】ダブルワークがばれるので労災申請を拒否するパートタイマーの対応

昨年9月に労災保険法でダブルワーク(副業)に対応した法改正が行われました。それまでは本業と副業の兼業をしていた人が、副業中に労災事故に遭った場合は副業の賃金をベースに補償額が決まっていました。しかし、副業は本業の収入に比べ低いことが多く、本業で被災した場合に比べ休業補償給付や遺族補償給付の金額が極めて低くなってしまう問題が生じていました。そこで副業推奨の流れを受け、労災保険の給付も本業と副業の賃金を合算する方法に改められました。

・副業を認める流れ

 一昔前の就業規則では「副業・兼業は原則禁止」と記載するのが一般的でしたが、近年は兼業禁止を認めない裁判例も増えており、厚生労働省も「副業・兼業の促進に関するガイドライン」を作成するなど、副業・兼業が推奨されています。会社も合理的な理由なしに一律禁止することは難しくなりました。

・新型コロナ感染症でダブルワークがばれる?

 そのような中、新型コロナ感染症の流行で思わぬ相談が飛び込んできました。とある事業所で感染クラスタが発生してしまい、会社が労災の申請を準備していたところ、パートタイマーの一人が頑なに労災申請を拒否してきたのです。会社の総務も困ってしまい、よくよく理由を聞き出してみると、「実は他に本業があり、そちらにダブルワークがばれるのが嫌なので労災の申請をしたくない」とのことでした。

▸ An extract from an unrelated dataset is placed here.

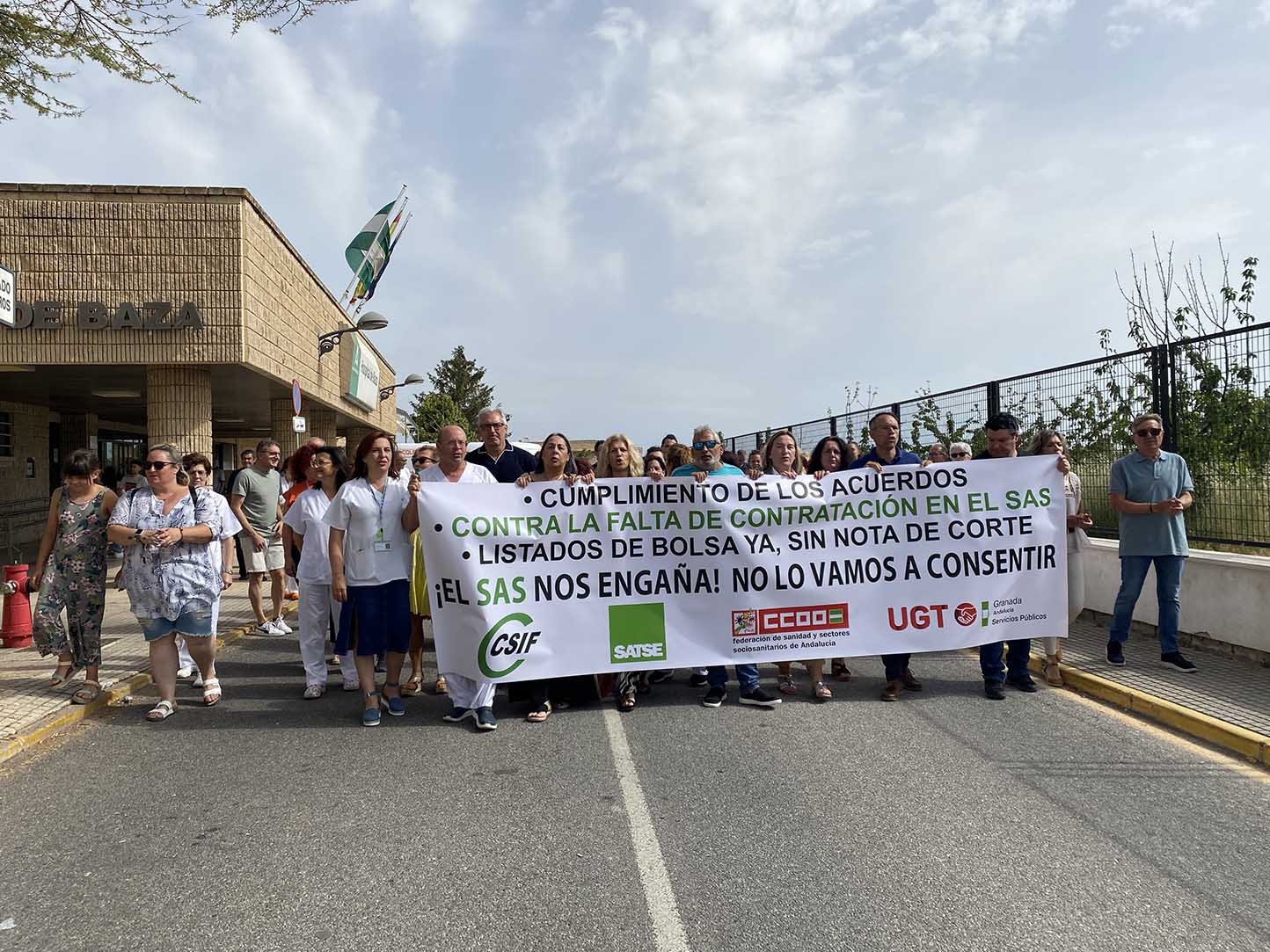 Las organizaciones sindicales cifraron en un 75% el seguimiento de la huelga en los centros granadinos del SAS y se hicieron presentes también en Baza. Los sindicatos SATSE, CSIF, CCOO y UGT han cifrado en un 75 % el seguimiento global de la huelga convocada este miércoles 26 de junio en la Atención Primaria, superando el 90 % en los hospitales de la provincia de Granada. La jornada de huelga ha consistido en un paro entre las 08.00 y las 11.00 horas en todos los centros del Sistema Sanitario Público Andaluz, que afectó también a nuestra ciudad, con la concentración realizada ante el Hospital Comarcal, de la que no se nos han facilitado datos numéricos, pero que contó con una notable asistencia e incluyó la participación del PSOE bastetano

このような相談は私もあまり例がありませんが、副業推奨・容認の流れで今後増えて行くかもしれません。感染した本人もまさかコロナで副業がばれそうになると思わなかったと思います。副業容認の流れが主流だとしても隠れて副業・兼業している方は多いでしょう。

・では労災申請するとどうなるのか?

 労災の療養の申請書(療養の給付:様式第5号)には「その他就業先の有無」という欄があります。これは前述に法改正に伴って追加された欄です。ここに副業先を記載することになります。

▲労災請求様式5号の裏面より

また労災の休業補償給付の申請書(療養の給付:様式第8号)には「別紙3」が存在しています。この「別紙3」はもう一つの職場の賃金の証明を記載する必要があります。この書類には、もう一つの職場の事業主印が必要になるので、この証明を求めた時点で副業が本業の方に発覚することになります。この証明を添付せずに労災申請すると副業のみの収入での休業補償給付が行われるので、補償額が非常に少額になってしまいます。

・会社の対応をどうするか?

 基本的に労災給付を申請するかどうか、請求者は本人なので会社が強制することができません。したがって最終的な判断は本人に委ねられます。会社は自己防衛としてその経緯を記録しておいた方が良いでしょう。

一方、労働者死傷病報告の提出は会社に義務付けられています。新型コロナ感染で4日以上休業する場合も同様で、遅滞なく(概ね1週間から2週間以内)に労働基準監督署へ報告しなければなりません。本人が労災申請しないと判断したとしても、この死傷病報告の提出義務は会社にあります。これを隠すといわゆる「労災かくし」になってしまう点は注意が必要です。

このようにダブルワークに関してはまだまだ事例が出揃っておらず、いろいろな「想定外」が生じます。会社は従業員の副業情報はできる限り報告させたほうが安全でしょう。